**GIVEN INFORMATION**
◇ ◇ ◇ ◇ ◇

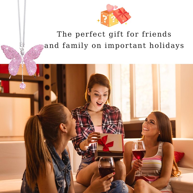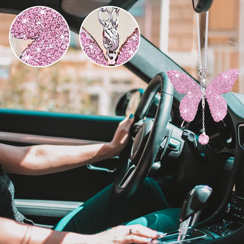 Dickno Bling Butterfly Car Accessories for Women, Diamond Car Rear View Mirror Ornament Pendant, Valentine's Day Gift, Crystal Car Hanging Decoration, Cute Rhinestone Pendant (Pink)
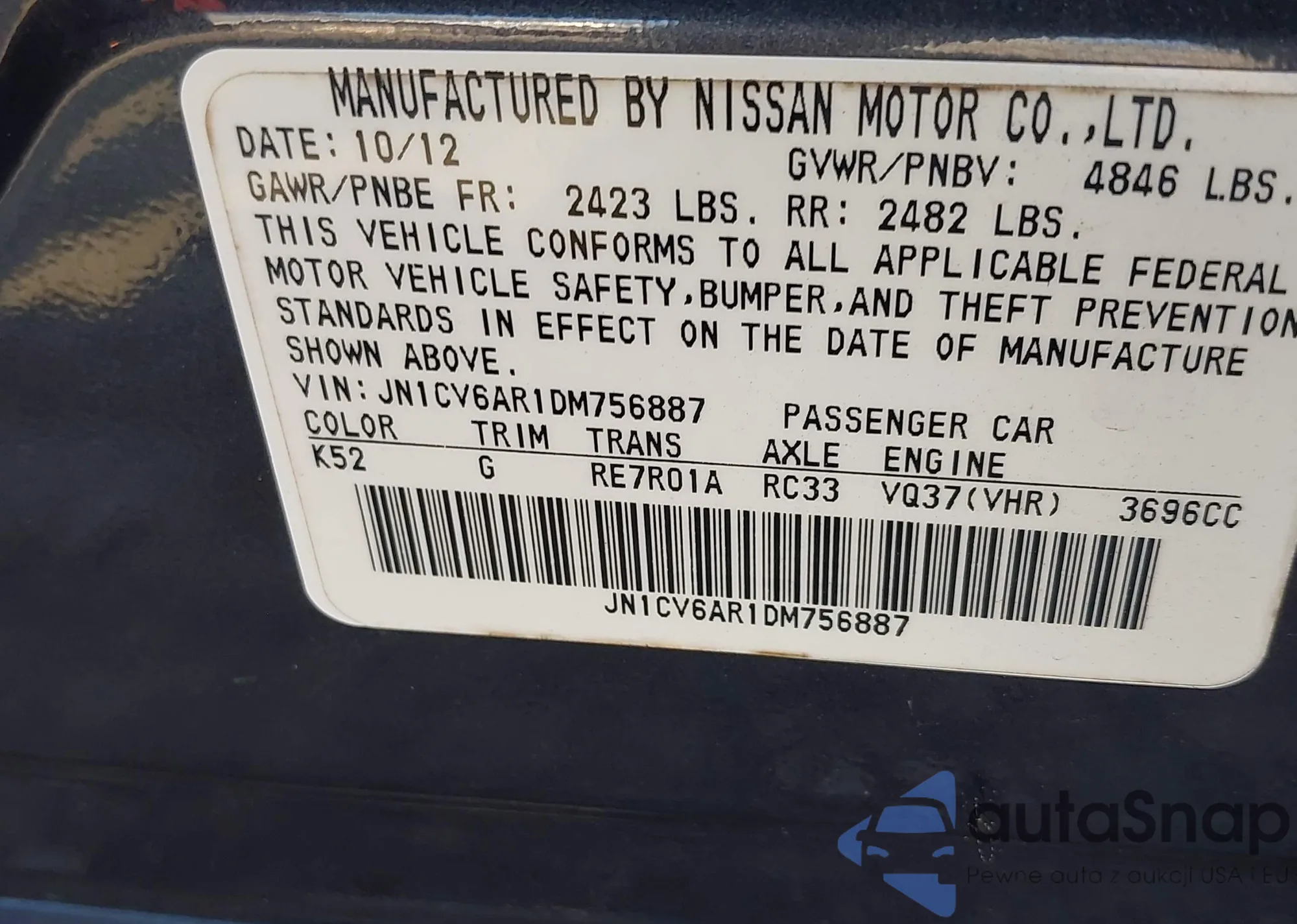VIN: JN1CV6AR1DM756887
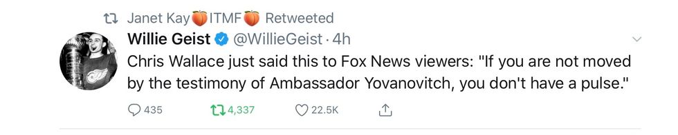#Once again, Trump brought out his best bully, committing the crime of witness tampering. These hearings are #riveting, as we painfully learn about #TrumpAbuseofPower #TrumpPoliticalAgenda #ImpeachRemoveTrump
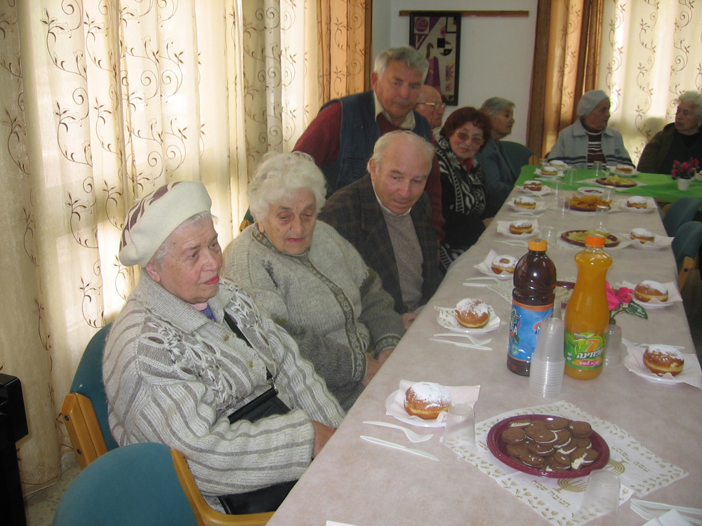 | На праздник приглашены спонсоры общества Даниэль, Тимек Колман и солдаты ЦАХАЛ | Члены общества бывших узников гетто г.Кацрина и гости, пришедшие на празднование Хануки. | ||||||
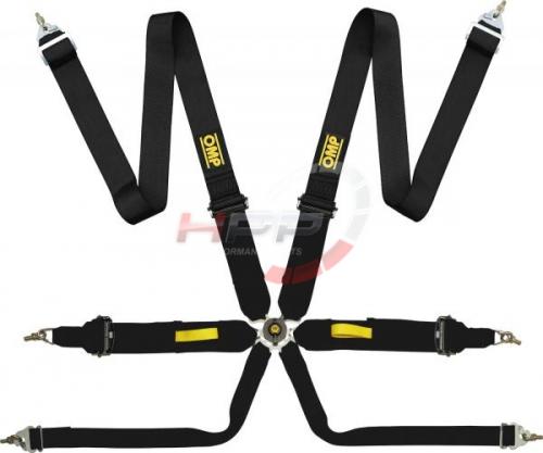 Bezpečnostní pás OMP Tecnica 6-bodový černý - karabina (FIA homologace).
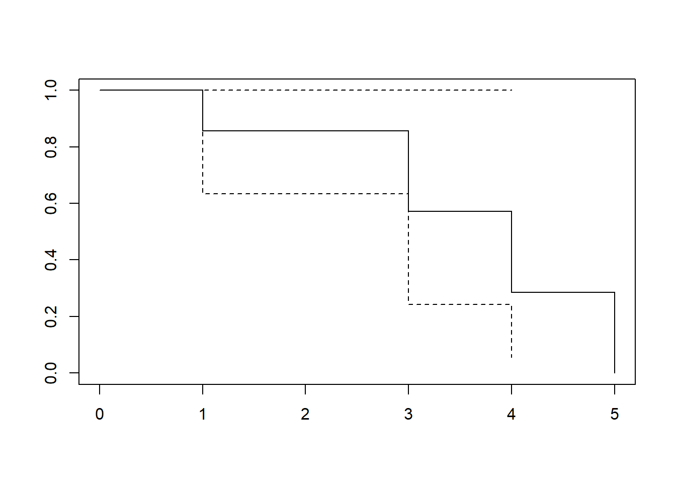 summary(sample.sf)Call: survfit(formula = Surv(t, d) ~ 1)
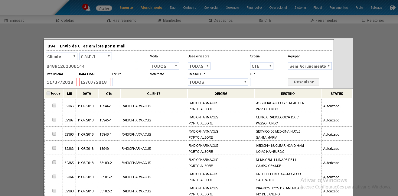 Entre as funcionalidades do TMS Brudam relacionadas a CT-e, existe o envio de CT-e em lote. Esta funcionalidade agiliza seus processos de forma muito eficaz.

◇ ◇ ◇ ◇ ◇

**EXERCISE GOAL**
All pictures are to be skipped; the lines from the first line of the records through the line containing "summary(sample.sf)Call: survfit(formula = Surv(t, d)" are to be repeated exactly, both ends included.

**YOUR RESPONSE**
 Dickno Bling Butterfly Car Accessories for Women, Diamond Car Rear View Mirror Ornament Pendant, Valentine's Day Gift, Crystal Car Hanging Decoration, Cute Rhinestone Pendant (Pink)
VIN: JN1CV6AR1DM756887
#Once again, Trump brought out his best bully, committing the crime of witness tampering. These hearings are #riveting, as we painfully learn about #TrumpAbuseofPower #TrumpPoliticalAgenda #ImpeachRemoveTrump
 | На праздник приглашены спонсоры общества Даниэль, Тимек Колман и солдаты ЦАХАЛ | Члены общества бывших узников гетто г.Кацрина и гости, пришедшие на празднование Хануки. | ||||||
 Bezpečnostní pás OMP Tecnica 6-bodový černý - karabina (FIA homologace).
 summary(sample.sf)Call: survfit(formula = Surv(t, d) ~ 1)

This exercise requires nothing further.